No input parameters.

Example

Request

{
  "jsonrpc": "2.0",
  "id": 1,
  "method": "tools/call",
  "params": {
    "name": "get_available_collections",
    "arguments": {}
  }
}

Response

{
  "collections": [
    {
      "name": "edgeragapp",
      "description": "Default system collection (auto-created)",
      "status": "active",
      "created_at": "2026-02-25T15:32:19.097957+00:00"
    },
    {
      "name": "my-docs",
      "description": "Technical manuals",
      "status": "active",
      "created_at": "2026-03-04T12:00:00.000000+00:00"
    }
  ],
  "total_count": 2
}

Response model: CollectionsResponse

Request Schemas

SearchToolRequest

Used by: search_hybrid, search_vector, search_text, search_image.

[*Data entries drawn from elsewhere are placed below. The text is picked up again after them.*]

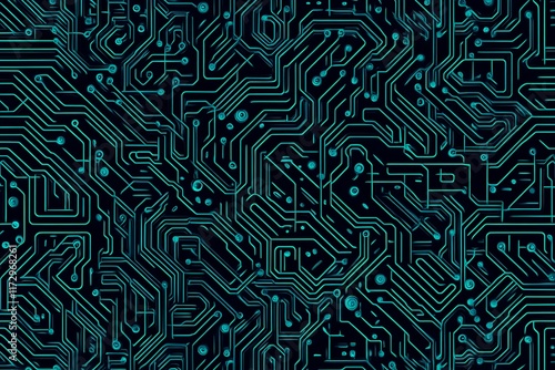 Abstract close-up of a glowing blue digital circuit board, showcasing intricate connections and technological design on a black background.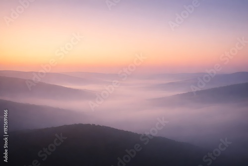 © Enti, Fototapeta premium Minimal Misty Horizon with Soft Sunrise Gradient Sky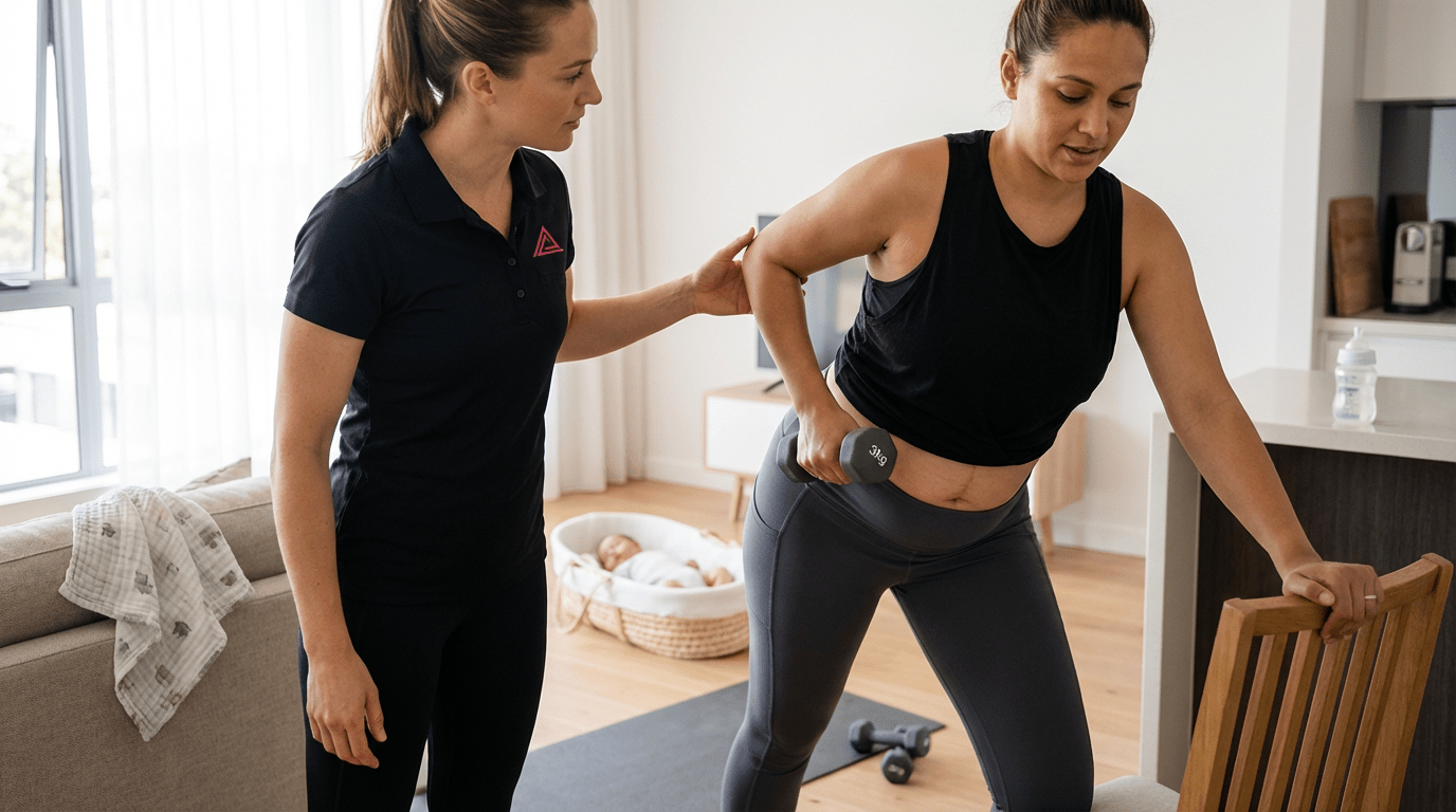 Getting to a gym with a newborn is a logistical nightmare. Nap schedules, feeding times, and the sheer effort of packing a bag. Your postnatal personal trainer comes to you, trains you while baby sleeps in the next room, and works around your actual day.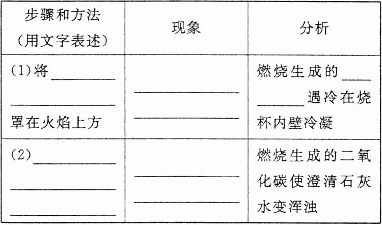 | (1)将______罩在火焰上方 | ______ | 燃烧生成的____遇冷在烧杯内壁冷凝 |

Field Type Required Default Constraints Description
query string Yes Search query text
collection_names list[string] No ["edgeragapp"] Index name prefixes to search (model suffix added automatically)
top_n integer No 5 ge=1, le=50 Number of results (1–50)
strictness integer No 1 ge=0, le=5 Relevance threshold (0–5). 0 returns all results; higher values filter out lower-scoring chunks
filters string \| null No null Milvus boolean filter expression (e.g., file_path like "%manual%")

MultimodalSearchRequest

Used by: search_multimodal.

Field Type Required Default Constraints Description
query string Yes Search query
collection_names list[string] No ["edgeragapp"] Milvus collection names to search
top_n integer No 5 ge=1, le=50 Number of results per modality (1–50)
text_strictness integer No 1 ge=0, le=5 Text relevance threshold (0–5). 0 returns all results; higher values filter out lower-scoring chunks
image_strictness integer No 1 ge=0, le=5 Image relevance threshold (0–5). Same scale as text_strictness
filters string \| null No null Milvus boolean filter expression (e.g., file_path like "%manual%")

Response Schemas

ToolChunkResult

A single chunk result from a search operation.

Field Type Description
content string Chunk text content
file_path string Source document path
chunk_id string Chunk position in document
score float Relevance score (0.0–1.0)
page_numbers list[integer] Pages where chunk appears
vector_type string Embedding type (dense, sparse, or image). Default: "dense"

SearchMetadata

Metadata about a search operation.

Field Type Description
results_number integer Total number of results returned
search_type string Type of search performed (for example, hybrid_search, vector_search, full_text_search, image_search, multimodal_search)
collection string Milvus collection name used

SearchChunksResponse

Returned by: search_hybrid, search_vector, search_text, search_image.

Field Type Description
results list[ToolChunkResult] List of matching chunks
metadata SearchMetadata Search operation metadata

MultimodalSearchResponse

Returned by: search_multimodal.

Field Type Description
text_chunks list[ToolChunkResult] Text search results
image_chunks list[ToolChunkResult] Image search results (IDs only)
metadata SearchMetadata Search metadata

CollectionInfo

Field Type Description
name string Collection name
description string \| null Collection description
status string Collection status (for example, "active", "deleting")
created_at string ISO 8601 creation timestamp

CollectionsResponse

Returned by: get_available_collections.

Field Type Description
collections list[CollectionInfo] List of accessible collections
total_count integer Total number of collections returned

Response codes

The JSON-RPC response returns errors in the error field. These codes apply to all tools.

Code Description
-32600 Invalid Request — the JSON-RPC request is malformed.
-32601 Method not found — the requested MCP method doesn't exist.
-32602 Invalid params — tool arguments failed schema validation (for example, top_n out of range).
-32603 Internal error — unexpected server error or missing auth token.